In light of the fact that, at the time of the payment of the sale price to the above association by Nonparty 2, a significant portion of the purchase price seems to have been paid to Nonparty 1’s money, and that Nonparty 1 appears to have been the owner of the apartment lot, the payment of registration expenses, the conclusion of the lease contract and the loan, etc., it is reasonable to deem that the apartment of this case was the title trust by Nonparty 1 to Nonparty 2

(2) Whether the registration of transfer of ownership against the defendant by the non-party 2 constitutes a fraudulent act

As long as Nonparty 2 is deemed to have concluded a sales contract for the apartment of this case under his name after being entrusted with the name of the buyer in the name of the buyer, and completed the registration of ownership preservation, Nonparty 2’s implementation of the registration procedure for ownership transfer to the Defendant at the request of Nonparty 1, the title truster, was conducted by Nonparty 2 in the course of restoring the real name of registration, and thus, it cannot be deemed to constitute a fraudulent act (Supreme Court Decisions 2001Da1157 Decided May 8, 2001; 95Da1965 Decided September 20, 196).

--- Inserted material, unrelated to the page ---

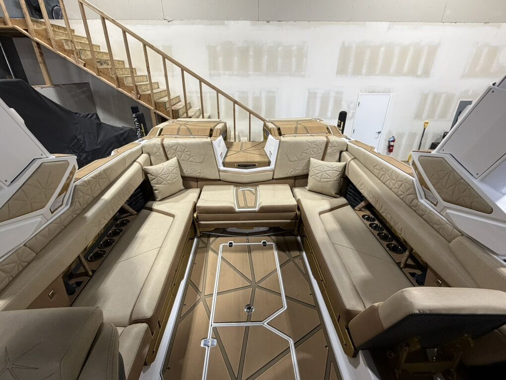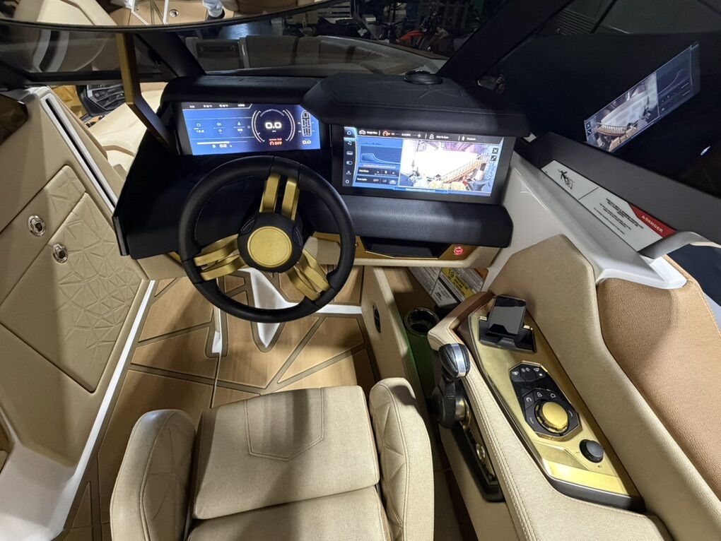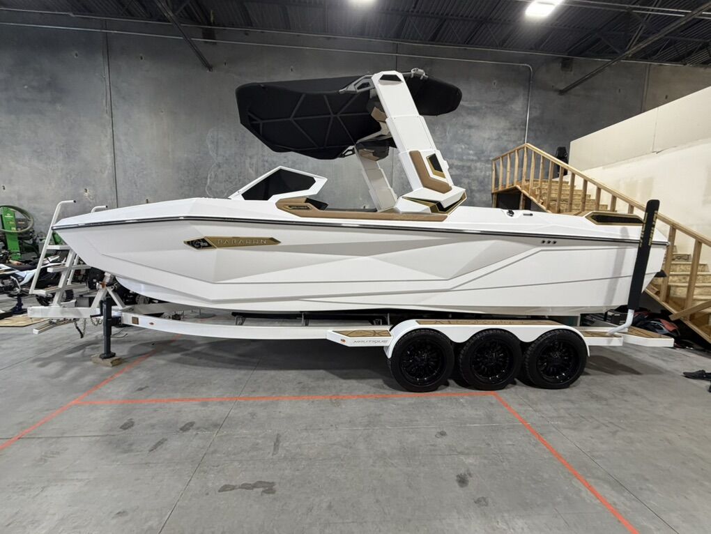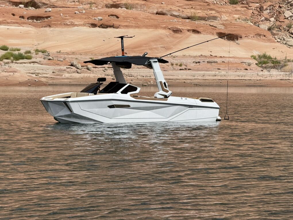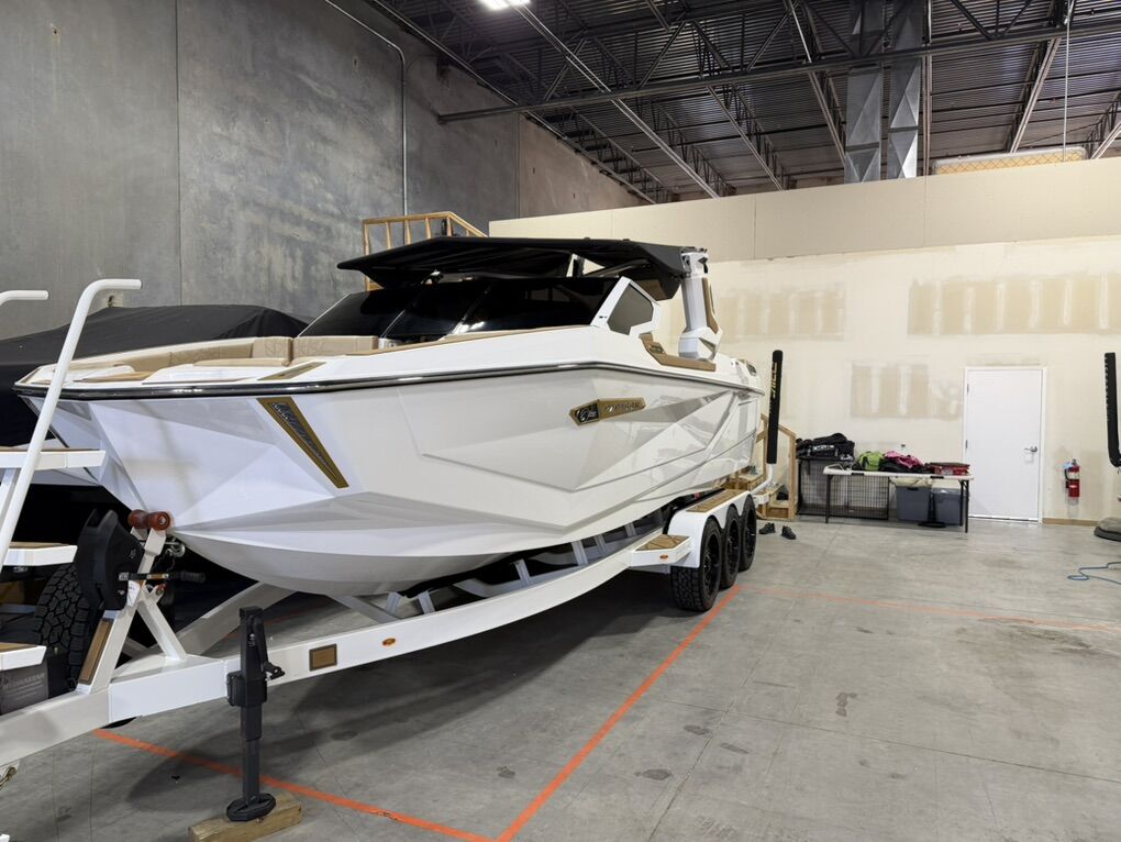 2025 G25 Paragon with 46 hours. This boat has the best interior color combo - Sahara Sand and Mocha accents in the Lux Touch material. The all white looks stunning on the water. All boards are stored in the rear transom without having the board racks - game changer!! 630 hp and rear thruster. Boat is stored in a climate controlled garage. Tinted windows and the boat was ceramic coated. This is the best surf boat on the market. Wheels on the trailer will be substituted for factory 18”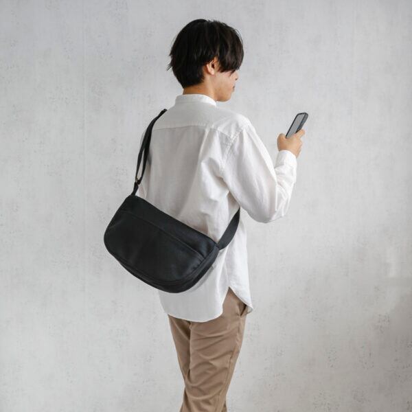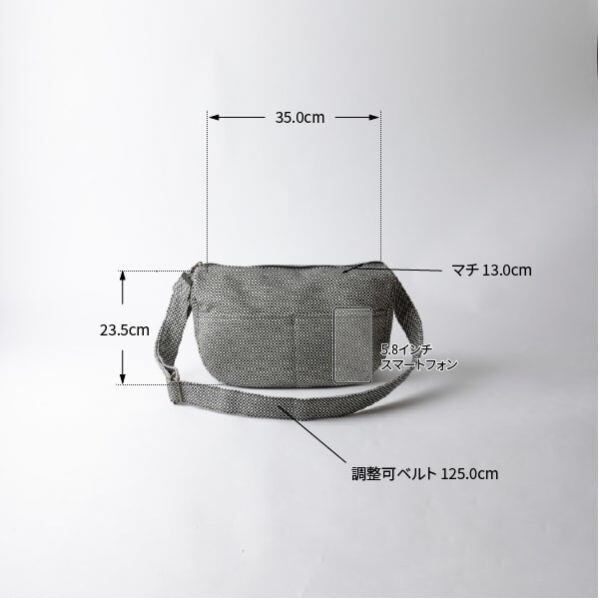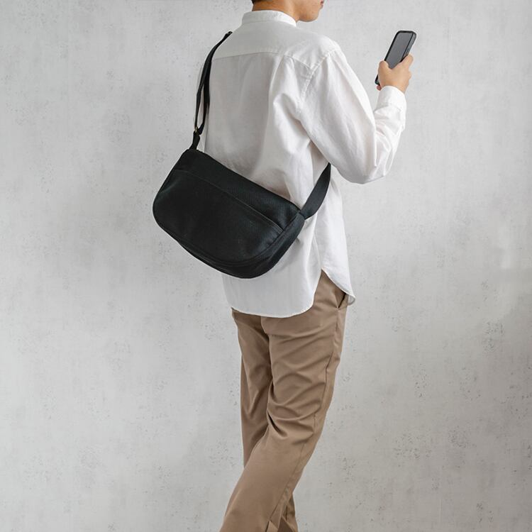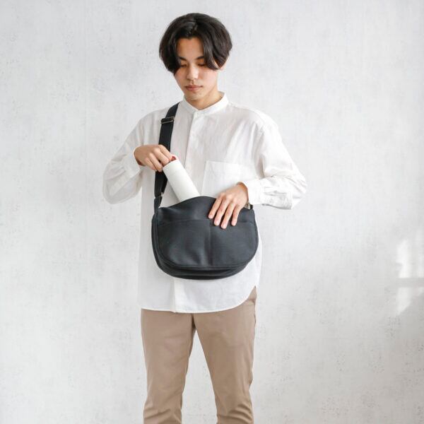 体に自然と馴染む、「葉」をイメージしたフォルムが最大の特徴。財布やその他の小物など、必要なものは一通り入る大きさなので、休日のショッピングや旅先の観光地巡りのおともにも最適。フロントにはオープンポケットが2つ、本体内部にはオープンポケットが3つ付いているため、小物も整理して機能的に収納可能。ファスナー仕様の大きめ開閉口なので中身がたっぷり入れられて旅行のときも安心。

[Plaintiff-Appellant] asserted that the title trust agreement entered into between Nonparty 2 and Nonparty 1 is effective in itself, and that the title trust agreement entered into between Nonparty 2 and Nonparty 1 is null and void. Thus, although Articles 3 and 4 of the Act on the Registration of Real Estate under Actual Titleholder's Name did not provide for preventing the title trustor from reverting ownership to the title trustor (Supreme Court Decision 2000Da21123 Decided December 26, 2002), it appears that Nonparty 1 entered into the contract title trust agreement with Nonparty 2 and the said association could not know the existence of the title trust agreement, it constitutes unjust enrichment by Nonparty 2, and thus, Nonparty 2 is obligated to return the apartment's ownership as unjust enrichment by Nonparty 1, and thus, it cannot be accepted as a result of the obligee's collusion with other creditors, except for the case where the obligor redeems the debt to the non-party 2, as long as it appears that the other party to the contract did not have been able to obtain the title trust agreement from the said association.

In this case, it seems that Nonparty 1 trusted the name of Nonparty 2 to Nonparty 1, because Nonparty 1 could not become a partner of the above union, was entitled to the right to the apartment sold to Nonparty 2 after having Nonparty 1 become a partner of the above union. However, even if the title trust agreement between Nonparty 1 and Nonparty 2 is null and void, the agreement that Nonparty 1 and Nonparty 2 agreed to receive the right to the right to the title trust agreement remains a valid obligatory agreement, and as long as Nonparty 2 appears to have paid the debt according to the principal of the said debt, it shall not be deemed a fraudulent act.

3. Conclusion

Thus, the plaintiff's claim on the premise that the non-party 2 completed the registration of ownership transfer to the defendant constitutes a fraudulent act is dismissed.